不过威廉倒也没再纠结到底哪里人胆子大,而是语气认真地回答道,“因为我帮你们设立了存档点,一旦击败大关的关底boss,就会让你们的身体康复,以便迎接接下来的战斗……”
“接下来的战斗?”
马尔福的表情有些疑惑。
“哦,你躺太久了,那只巨怪一出来就给你脑袋上来了一棍子。”
“……”
怪不得,怪不得刚刚醒来时,会有种我脑袋怎么扁扁的感觉……马尔福下意识地抬手摸了摸自己的脑袋,发现它还是圆的后才忍不住松了口气。
“……没问题了?”
等了片刻,却没有等到马尔福的下文,威廉皱着眉头,问道。
“哦、没了,没有了,主……学长。”
情绪波动之间,马尔福差点忘了威廉所提到的称呼问题。
“那就行,加油,我很看好你。”
威廉点点头,转身刚准备离开,却像是突然想起什么一般回过头,轻轻拍了拍马尔福的肩膀。
你很看好我?
……那我该高兴吗?
马尔福有些愣神,甚至直到威廉离开也没有回过神来,他发现自己似乎已经背离了父亲的初衷,自己似乎已经离黑魔王越来越近了,但……
这不正是他需要的吗?
嗯!必须要变强!!!
又一次在内心坚定了自己的决心,马尔福终于收拾好心情,走出了教室。
第233章 邓布利多“老贼”要加害于我!(4k3)
小天狼星闯入城堡。
这件事情掀起的波澜其实没有想象的那么大,毕竟大部分的人都没有经历,也就没什么实感。
除了格兰芬多以外的学生,绝大部分小巫师不仅没有看见胖夫人画像的伤痕,也没有听到皮皮鬼的证词——
而以这群小巫师以讹传讹的能力……
甚至都没有等到第二天,只是当天晚上,礼堂里就已经有了“斯内普夜袭格休息室,胖夫人智计脱画像”的谣言。
至于为什么是斯内普?
这不是重点。
哪怕斯内普当时就坐在礼堂?
也不是重点。
毕竟这次掌握一手消息的群体是格兰芬多,不给斯内普找点事,他们是混身不舒服,于是,最近斯内普周身的气压又低了不少,而这样的结果会苦了谁呢?
……苦了哈利。
“咳咳……”
将口中比起之前还要难喝数倍的魔药面前咽进肚子,哈利不受控制地有些难受的想要干呕,但只是视线瞥见站在讲桌后看着他的斯内普,那幽黑的眼神让哈利强行憋住了呕吐的欲望,脸上的痛苦也在瞬间消失。
“好了。

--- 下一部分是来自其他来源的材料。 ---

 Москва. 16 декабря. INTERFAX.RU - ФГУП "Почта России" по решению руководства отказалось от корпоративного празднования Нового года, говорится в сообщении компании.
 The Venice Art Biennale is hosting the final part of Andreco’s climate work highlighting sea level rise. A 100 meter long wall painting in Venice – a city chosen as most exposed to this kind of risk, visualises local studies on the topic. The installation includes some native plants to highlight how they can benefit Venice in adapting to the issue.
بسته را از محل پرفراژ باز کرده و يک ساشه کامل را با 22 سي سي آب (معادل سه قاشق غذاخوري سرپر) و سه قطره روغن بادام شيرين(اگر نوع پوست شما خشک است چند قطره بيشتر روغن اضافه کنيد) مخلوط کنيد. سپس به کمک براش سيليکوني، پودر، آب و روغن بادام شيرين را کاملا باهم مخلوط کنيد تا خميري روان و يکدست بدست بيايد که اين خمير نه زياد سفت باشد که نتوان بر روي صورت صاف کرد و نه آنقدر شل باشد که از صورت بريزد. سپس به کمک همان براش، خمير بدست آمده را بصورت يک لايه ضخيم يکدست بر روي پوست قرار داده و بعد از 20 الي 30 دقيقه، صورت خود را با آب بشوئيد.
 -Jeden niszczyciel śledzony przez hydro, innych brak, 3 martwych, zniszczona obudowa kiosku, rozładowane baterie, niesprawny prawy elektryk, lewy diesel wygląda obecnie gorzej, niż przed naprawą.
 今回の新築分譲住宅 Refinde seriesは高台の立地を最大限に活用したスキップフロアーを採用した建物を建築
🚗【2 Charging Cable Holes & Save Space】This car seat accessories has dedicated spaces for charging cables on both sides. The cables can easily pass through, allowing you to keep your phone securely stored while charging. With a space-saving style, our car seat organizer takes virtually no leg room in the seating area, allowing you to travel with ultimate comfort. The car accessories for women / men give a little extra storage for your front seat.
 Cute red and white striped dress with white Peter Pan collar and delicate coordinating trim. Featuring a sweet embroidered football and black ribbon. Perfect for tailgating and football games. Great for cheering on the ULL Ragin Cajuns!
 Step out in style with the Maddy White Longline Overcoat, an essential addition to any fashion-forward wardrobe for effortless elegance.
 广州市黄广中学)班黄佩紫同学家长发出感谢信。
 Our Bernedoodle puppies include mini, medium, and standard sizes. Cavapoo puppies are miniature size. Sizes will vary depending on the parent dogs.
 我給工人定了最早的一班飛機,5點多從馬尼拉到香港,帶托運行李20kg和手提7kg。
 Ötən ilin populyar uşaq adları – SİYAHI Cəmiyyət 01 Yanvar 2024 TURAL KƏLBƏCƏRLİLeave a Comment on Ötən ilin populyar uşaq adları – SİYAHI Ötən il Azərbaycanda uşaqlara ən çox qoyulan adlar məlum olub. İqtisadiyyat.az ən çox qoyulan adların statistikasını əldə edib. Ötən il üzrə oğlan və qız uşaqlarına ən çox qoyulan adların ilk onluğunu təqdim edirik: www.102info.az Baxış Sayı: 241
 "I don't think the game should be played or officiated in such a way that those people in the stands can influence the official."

”
哈利自己都不知道面无表情的说出这两个字,究竟用了多大的毅力。
“……回你的位置。”
斯内普的沉默无比漫长,漫长到哈利感觉是不是已经过了一年之久,那面色阴鸷的男人才终于冷笑一声,在哈利期待的目光中轻轻地,上下动了动他那高贵的下巴,一看就是一周没洗的黑色油腻长发耷拉在脸颊,哈利终于忍不住了……
“呕——”
魔药远远没有没斯内普的脸恶心,最起码对他来说。
哈利终于确认了这一点。
……
“……哈利,你确定他给你喝那玩意不是为了害死你?”
目睹了全过程的罗恩眼角有些抽搐,他拿着小刀的手都有些颤抖——刚刚他正在切雏菊根,专心致志到连哈利是什么时候走上讲台都没注意,等他再次抬起头,就看见哈利一脸视死如归的灌下了那一杯……水泥?
“我不确定。”
哈利扯了扯嘴角,他现在属实不想和罗恩扯淡,胃里那股翻江倒海的感觉让他有些想死。